Each city is a puzzling vignette, a glimpse of a different society and an entirely different way of going about one’s life. Many of them are very beautiful and thought provoking.

For me, it is precisely this that makes Invisible Cities so unsatisfying. Calvino dangles an idea in front of your eyes, and then whisks it away. Each city is given just a page or so. I’m sure the idea is to tantalise, but I found that the arrangement of the novel into single-page chapters was clunky and awkward, and many of the cities read like frustratingly abortive potential places. Somehow, they do not quite exist. Many of them cry out to be entire novels, beautiful and paradoxical ideas for societies that could be almost infinitely expanded. Why not do what Borges does, and take a philosophical trinket and stretch it to its logical conclusion? There are so many worlds that could be spun out from this book, but perhaps the elegance of these cities and ideas would be lost if they were used in this way. Their brevity and ambiguity certainly grants them a spell-like fascination.

My view of Invisible Cities is partly coloured by The Book of Dave, which I’ve nearly finished reading. Will Self calls London ‘the once and future city,’ and toys with the same kind of timelessness which Calvino does. London and Venice are both magical in the way they stretch away before and behind us, but I personally find the depth and saturation of Self’s 500-page vision of a city more enchanting than Calvino’s brief work.

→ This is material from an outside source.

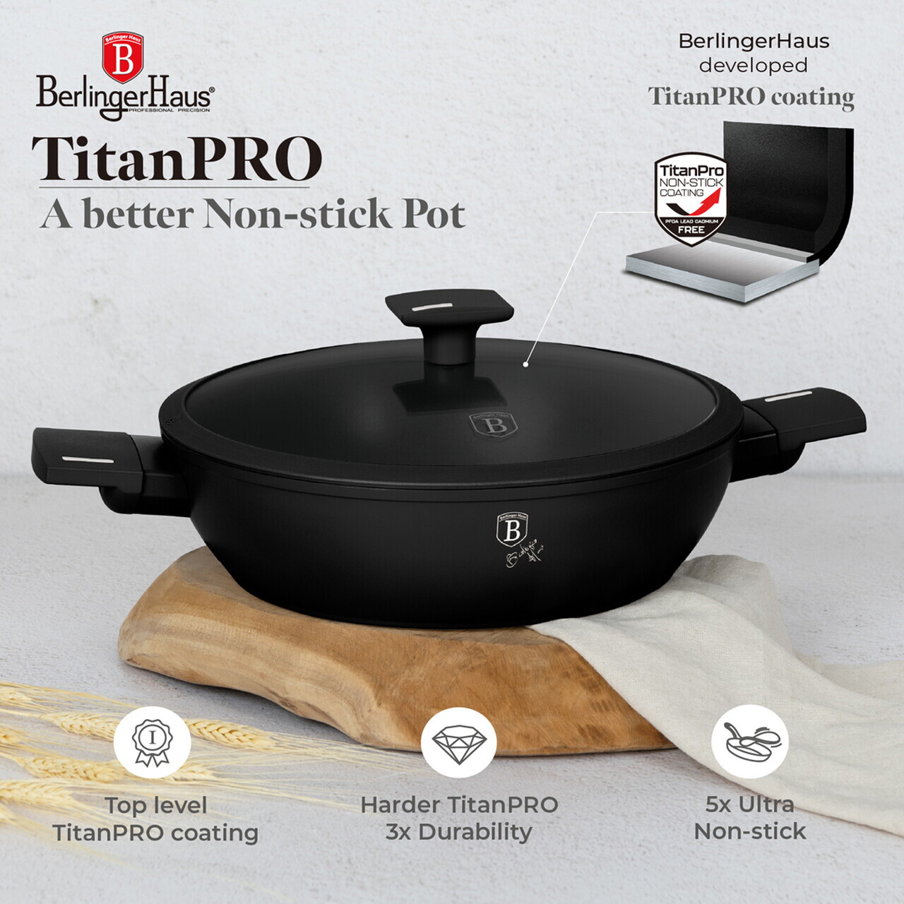 Material: aluminiu forjat cu strat antiaderent TitanPro
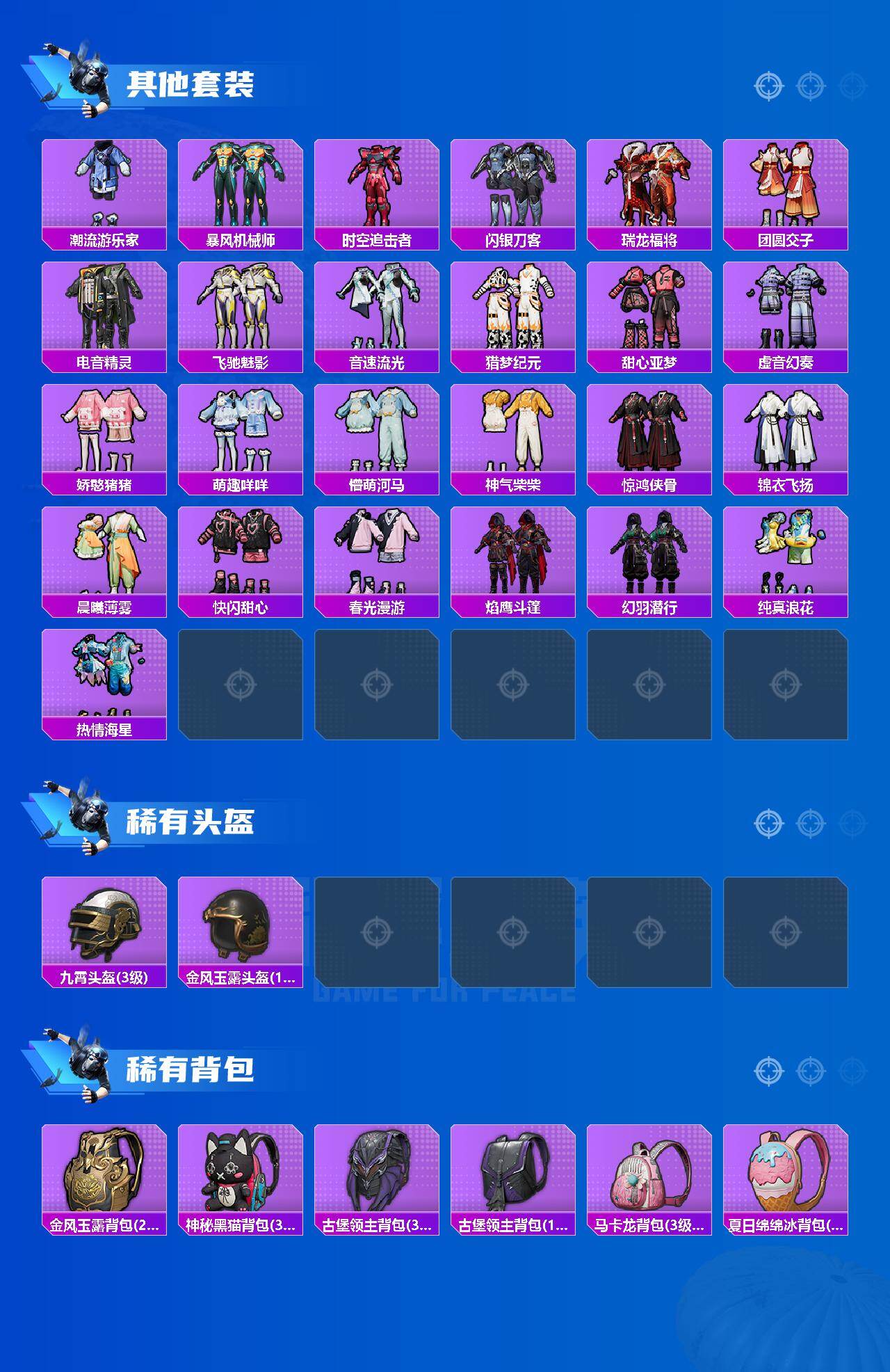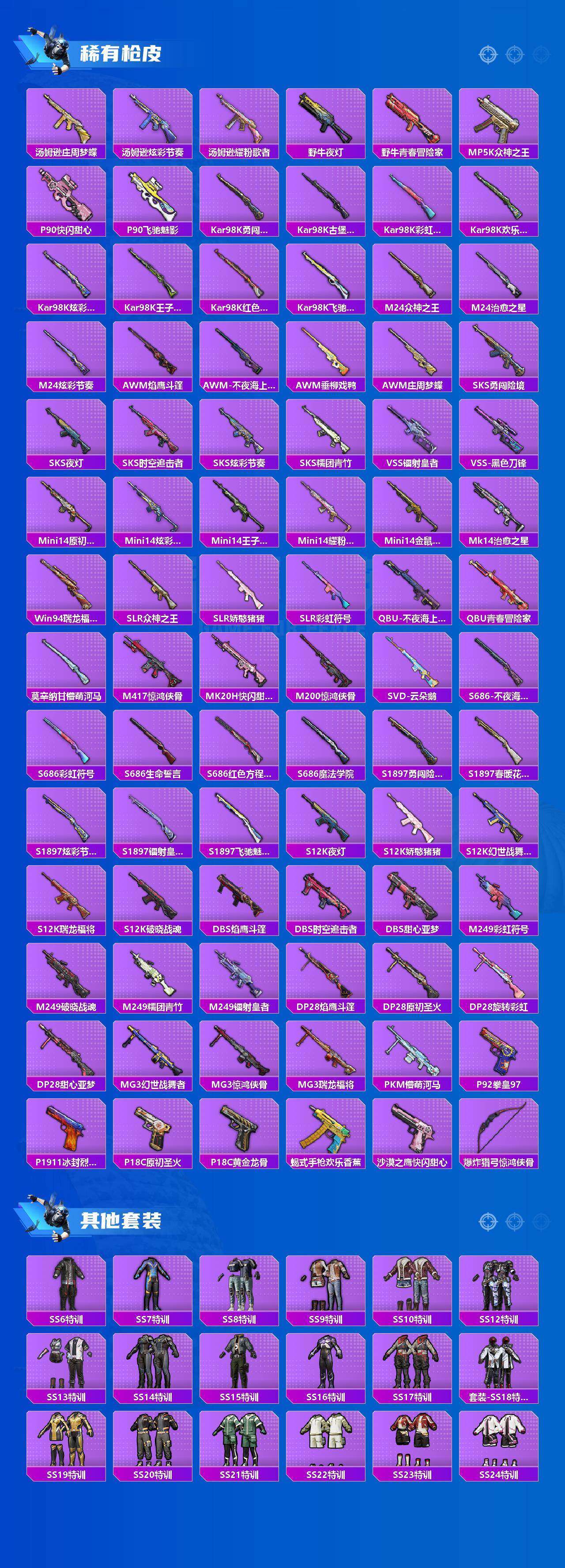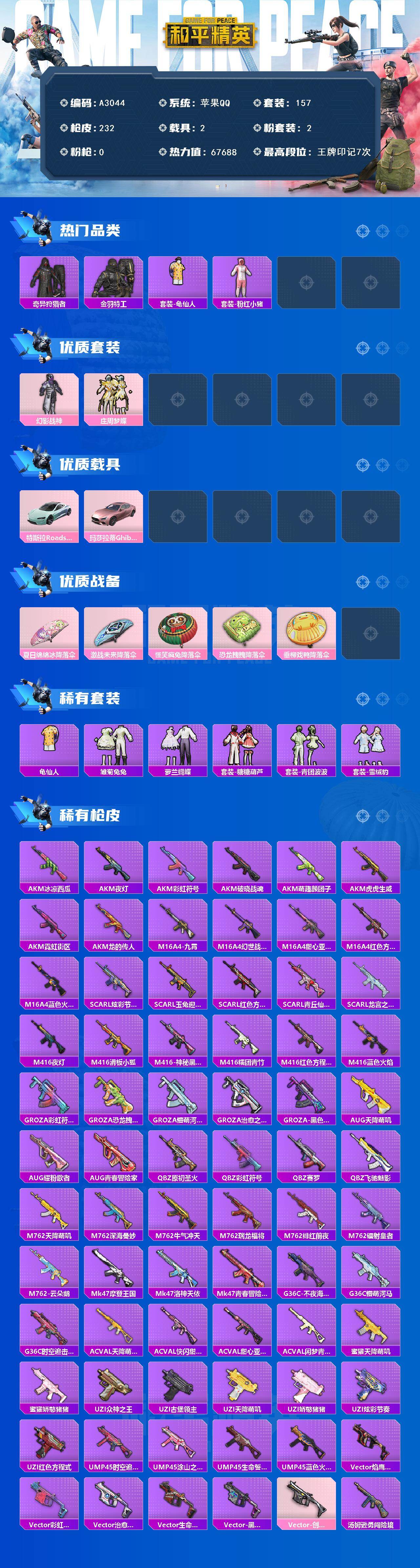 [15449615]苹果 【小号/玛莎拉蒂ghibli(粉)】手q-2粉装-0特效呛-2载具-0粉色飞行器-67688热力值-7王牌印记-157套装-232呛皮 【热门品类】:套装-奇异狩猎者,套装-金羽特工,套装-龟仙人,套装-粉红小猪 【粉色套装】:粉装-幻影战神,粉装-庄周梦蝶 【粉色载具】:特斯拉roadster(水滴蓝),玛莎拉蒂ghibli(粉) 【粉色降落伞】:夏日绵绵冰降落伞,激战未来降落伞,怪笑疯兔降落伞,恐龙拽拽降落伞,垂柳戏鸭降落伞 【稀有套装】:套装-龟仙人,套装-雏菊兔兔,套装-萝兰蝴蝶,套装-糖糖葫芦,套装-青团波波,套装-雪绒豹 【稀有呛皮】:akm-冰凉西瓜,akm-夜灯,akm-彩虹符号,akm-破晓战魂,akm-萌趣颜团子,akm-虎虎生威,akm-霓虹街区,akm-龙的传人,m16a4-九霄,m16a4-幻世战舞者,m16a4-甜心亚梦,m16a4-红色方程式,m16a4-蓝色火焰,scar-l-炫彩节奏,scar-l-玉兔迎春,scar-l-红色方程式,scar-l-青丘仙客,scar-l-龙宫之主,m416-夜灯,m416-滑板小狐,m416-神秘黑猫,m416-糯团青竹,m416-红色方程式,m416-蓝色火焰,groza-彩虹符号,groza-恐龙拽拽,groza-懵萌河马,groza-治愈之星,groza-黑色刀锋,aug-天降萌叽,aug-耀粉歌者,aug-青春冒险家,q-原初圣火,q-彩虹符号,q-赛罗,q-飞驰魅影,m762-天降萌叽,m762-深海曼妙,m762-牛气冲天,m762-瑞龙福将,m762-绯红前夜,m762-镭射皇者,m762-云朵鹅,mk47-摩登王国,mk47-洛神天依,mk47-青春冒险家,g36c-不夜海上花,g36c-懵萌河马,g36c-时空追击者,ac-val-天降萌叽,ac-val-快闪甜心,ac-val-甜心亚梦,ac-val-闲梦青缨,蜜獾-天降萌叽,蜜獾-娇憨猪猪,uzi-众神之王,uzi-古堡领主,uzi-天降萌叽,uzi-娇憨猪猪,uzi-炫彩节奏,uzi-红色方程式,ump45-时空追击者,ump45-涂山之恋,ump45-生命誓言,ump45-蓝色火焰,vect-焰鹰斗篷,vect-彩虹符号,vect-治愈之星,vect-生命誓言,vect-黑色刀锋,

This may be a little unfair though, since I’ve never been to Venice.

Monday, 27 September 2010

The Book Sponge

I have a habit, and I’m not sure whether it is good or bad. Sometimes when I’m reading, a sentence or a paragraph just leaps out at me. It’s a cliché, but some things just resonate. So I write them down somewhere. I almost highlighted something in a novel the other day, but then I thought that would make me look a bit too much like some kind of literature student.

So, why could this possibly be bad, you ask? Well, I believe that I am a sponge. I do it with music, with pop culture, and with books. I absorb things until they are pretty much a part of me. With music, this involves semi-obsessively listening to my latest crush, which tends to be reflected when I next pick up a guitar. With odd slices of pop culture, it involves internalising and then quoting with irksome frequency (I have done this one since I was a child; everyone does, to some extent). With books, this involves cutting out pieces that I particularly like and leaving them lying around on my laptop. Then I read them a few more times every now and then. It’s a sort of bluffer’s guide to knowing the whole book really well, I suppose. It means that a part of it remains lodged in memory.

Naturally, I blame my father for this. His memory is like a mutilated encyclopaedia of snatches of poetry, literary references, bad jokes and obscene limericks. I have only just realised that I am doing more or less the same thing. Witness:

There was a young man named Dave,

Who kept a dead whore in a cave,

He said, ‘I know it’s disgusting,

And she needs a good dusting,

But think of the money I’ll save.’


See?

I am a sponge, and when it comes to books I have a theory. It is a theory worthy of one of Borges’ characters. Remember Pierre Menard, Author of the Quixote? It is a short story about a modern-day individual who attempts to recreate Don Quixote. Not to copy it, but to write it again from scratch. He immerses himself in the language and the culture of the period, and he writes little stumps of the story which are identical to the original, yet somehow infinitely richer and more sublime.

If I can absorb styles of writing - in my more deluded moments I sometimes think I have a gift for writing pastiches – then the logical step is to read, and absorb, as many books as possible. I won’t say all of them, because there’s a lot of tripe out there. And I won’t say that I will attempt to recreate them, as Borges’ character does. Much as I enjoy picking small holes in the boundaries between reality and fiction, I do ultimately live in the real world. But if I didn't, this would be my masterplan for literary world domination.